本质:【optimizer阶段是对 Analyzer生成的LogicalPlan进行优化调整生成新的LogicalPlan】
这个阶段的优化器同样是基于大量的规则(Rule),而大部分的规则都是基于直观或经验而得出的规则,随着spark社区的活跃,此优化器阶段的规则也逐渐完善丰满,可以说每一个优化规则都有其诞生的原因,不可不查。
二、示例
由于上一节的示例在优化器中没有明显sql的优化,我们这次举一个谓词下推的优化过程,其他优化规则可根据源码自行推导
此处示例使用的是dataFrameAPI,其原理和spark.sql(“”)底层大致相同,想深入了解两者区别可以看我的另一篇文章:
代码:
spark
.range(2)
.select('id as "_id")
.filter('_id === 0)
.explain(true)
打印:
== Parsed Logical Plan ==
'Filter ('_id = 0)
+- Project [id#0L AS _id#2L]
+- Range (0, 2, step=1, splits=Some(2))
== Analyzed Logical Plan ==
_id: bigint
Filter (_id#2L = cast(0 as bigint))
+- Project [id#0L AS _id#2L]
+- Range (0, 2, step=1, splits=Some(2))
== Optimized Logical Plan ==
Project [id#0L AS _id#2L]
+- Filter (id#0L = 0)
+- Range (0, 2, step=1, splits=Some(2))
......
可以看出在Optimized Logical Plan阶段中,Filter谓词节点从父节点下推到了子节点,假设数据源是数据库,那么这一步谓词下推优化可以将过滤条件下沉到数据库层面进行物理过滤,可以明显减少spark读取的数据量和带宽
三、源码
和Analyzer阶段不同,Optimizer阶段需要有action操作才会触发,这也是正常的,因其dateFrame的懒加载特点有关。
比如我们曾经执行:
val dataFrame = spark.sql("SELECT * FROM (SELECT * FROM PERSON WHERE AGE > 19) WHERE AGE > 18")

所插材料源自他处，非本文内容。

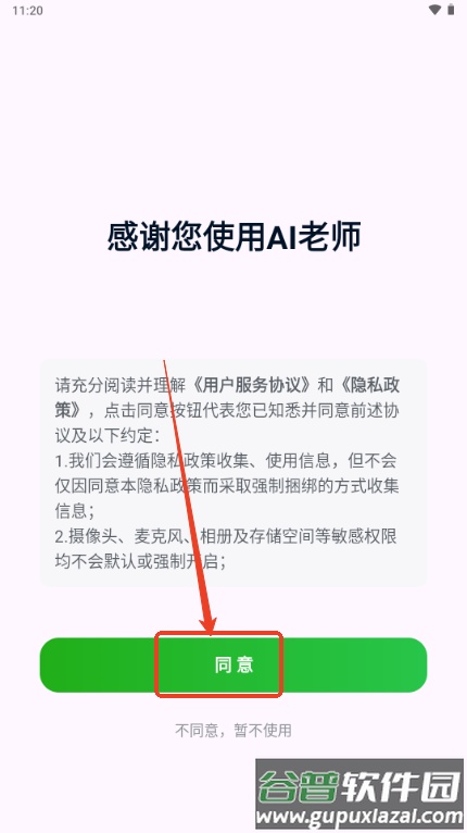 2、打开软件,同意用户服务协议;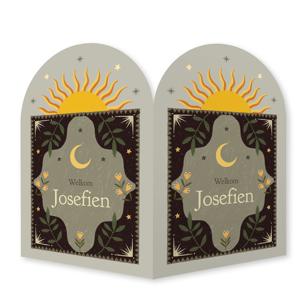 Geboorte raambord met naam | Illustratie met zon, maan en sterren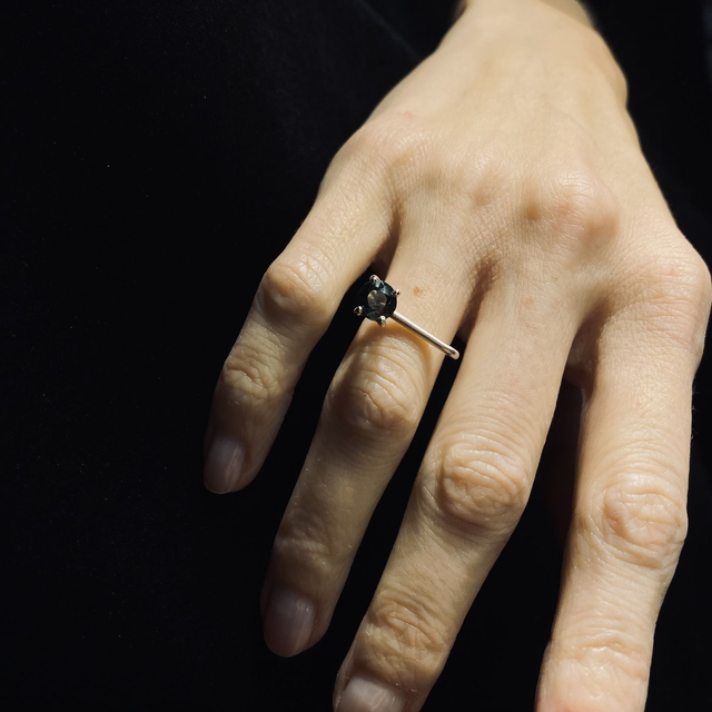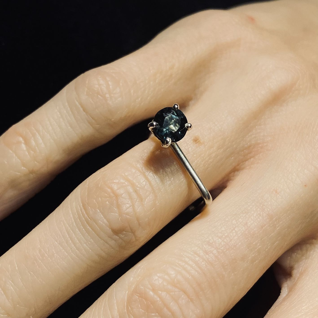 Anello quadrato sottile in argento 925 con incastonata una tormalina indigolite (color petrolio) a griffes. Misura 53.5 circa.

在sparkSession的sql函数中内部经历了Unanalyze和Analyze阶段后就返回新的DateSet:
def sql(sqlText: String): DataFrame = withActive {
val tracker = new QueryPlanningTracker
val plan = tracker.measurePhase(QueryPlanningTracker.PARSING) {
sessionState.sqlParser.parsePlan(sqlText) // Unresolved阶段
}
Dataset.ofRows(self, plan, tracker)
}
def ofRows(sparkSession: SparkSession, logicalPlan: LogicalPlan, tracker: QueryPlanningTracker)

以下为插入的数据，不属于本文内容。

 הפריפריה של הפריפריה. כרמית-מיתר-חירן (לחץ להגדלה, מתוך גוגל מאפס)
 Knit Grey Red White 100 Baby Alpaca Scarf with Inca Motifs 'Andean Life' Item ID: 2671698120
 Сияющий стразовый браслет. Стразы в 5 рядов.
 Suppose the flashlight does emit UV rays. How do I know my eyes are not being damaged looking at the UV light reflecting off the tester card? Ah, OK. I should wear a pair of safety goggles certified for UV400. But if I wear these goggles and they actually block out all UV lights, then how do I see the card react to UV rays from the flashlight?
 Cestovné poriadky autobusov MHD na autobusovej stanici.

: DataFrame = sparkSession.withActive {
val qe = new QueryExecution(sparkSession, logicalPlan, tracker)
qe.assertAnalyzed() // Resolved阶段
new Dataset[Row](qe, RowEncoder(qe.analyzed.schema)) // 返回给main函数
}
而Optimizer阶段则只有在action操作触发物理执行计划的时候才会调用[比如dataFrame.take(1)],这里我们看QueryExecution类中的操作,如下:
// sparkPlan是物理执行计划,下一节会详细介绍
lazy val sparkPlan: SparkPlan = {
// 可以看到只有到物理执行计划才会调用assertOptimized函数
assertOptimized()
executePhase(QueryPlanningTracker.PLANNING) {
QueryExecution.createSparkPlan(sparkSession, planner, optimizedPlan.clone())
}
}
......
private def assertOptimized(): Unit = optimizedPlan // 调用lazy变量optimizedPlan
......
lazy val optimizedPlan: LogicalPlan = executePhase(QueryPlanningTracker.OPTIMIZATION) {
// 调用executeAndTrack执行优化策略,参数是withCachedData.clone()克隆结果【其实就是Analyzed-logicalPlan的克隆类】
sparkSession.sessionState.optimizer.executeAndTrack(withCachedData.clone(), tracker)
}
......
// withCachedData函数是执行analyzed阶段
lazy val withCachedData: LogicalPlan = sparkSession.withActive {
assertAnalyzed() // 如果没有解析先进行解析
assertSupported()
// 将analyzed解析后的logicalPlan克隆一份给cacheManager
sparkSession.sharedState.cacheManager.useCachedData(analyzed.clone())
}
......
def assertAnalyzed(): Unit = analyzed
// 上一节讲到的analyzed阶段
lazy val analyzed: LogicalPlan = executePhase(QueryPlanningTracker.ANALYSIS) {
sparkSession.sessionState.analyzer.executeAndCheck(logical, tracker)
}
可以看出optimized阶段是在action操作后才会执行,这样符合懒加载的设计初衷
接下来看一下sparkSession.sessionState.optimizer.executeAndTrack的操作
首先sparkSession.sessionState的optimizer是在BaseSessionStateBuilder类中构建的,默认是SparkOptimizer
这块在SparkSession构建一节讲过:
而SparkOptimizer又继承于Optimizer,而Optimizer又继承于RuleExecutor,继承关系如下:
故sparkSession.sessionState.optimizer.executeAndTrack实际上还是走的RuleExecutor类中executeAndTrack函数,这和anlyzer阶段走的函数完全一致,这里贴一下源码:
这里同样也是将所有规则构建为多个批次,并且将所有批次中规则应用于Analyzed LogicalPlan,直到树不再改变或者执行优化的循环次数超过最大限制(spark.sql.optimizer.maxIterations,默认100)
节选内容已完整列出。